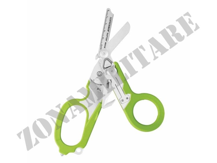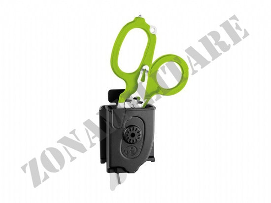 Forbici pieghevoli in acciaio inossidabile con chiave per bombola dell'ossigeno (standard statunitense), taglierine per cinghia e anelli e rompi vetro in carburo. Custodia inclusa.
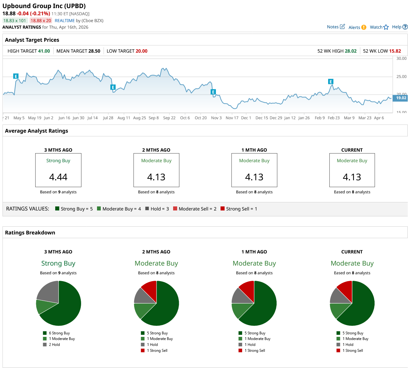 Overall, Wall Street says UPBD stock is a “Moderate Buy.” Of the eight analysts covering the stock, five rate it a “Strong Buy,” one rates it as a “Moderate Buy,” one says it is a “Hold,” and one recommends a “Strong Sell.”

--

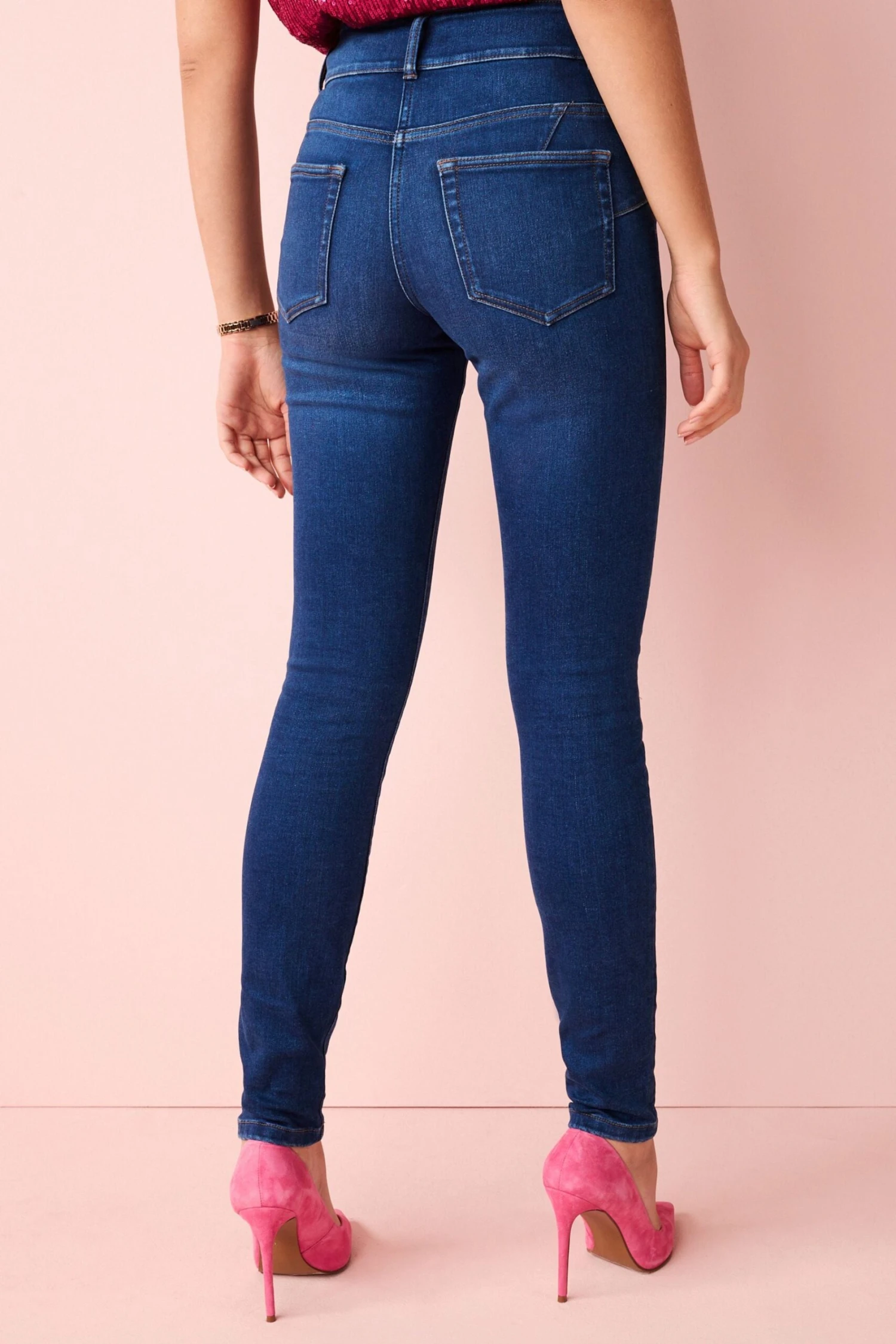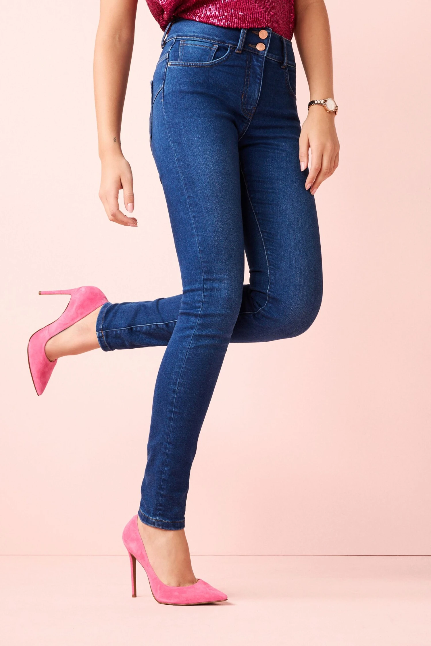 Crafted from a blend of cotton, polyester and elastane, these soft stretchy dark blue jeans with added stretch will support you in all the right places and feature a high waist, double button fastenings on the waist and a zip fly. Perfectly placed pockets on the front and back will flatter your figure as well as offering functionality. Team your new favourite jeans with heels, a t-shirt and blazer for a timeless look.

• **Work order**: Leave out the images and write out the lines above exactly, from the one with "Forbici pieghevoli in" up to and including the one with "Overall, Wall Street".

• **Exercise result**:
 Forbici pieghevoli in acciaio inossidabile con chiave per bombola dell'ossigeno (standard statunitense), taglierine per cinghia e anelli e rompi vetro in carburo. Custodia inclusa.
 Overall, Wall Street says UPBD stock is a “Moderate Buy.” Of the eight analysts covering the stock, five rate it a “Strong Buy,” one rates it as a “Moderate Buy,” one says it is a “Hold,” and one recommends a “Strong Sell.”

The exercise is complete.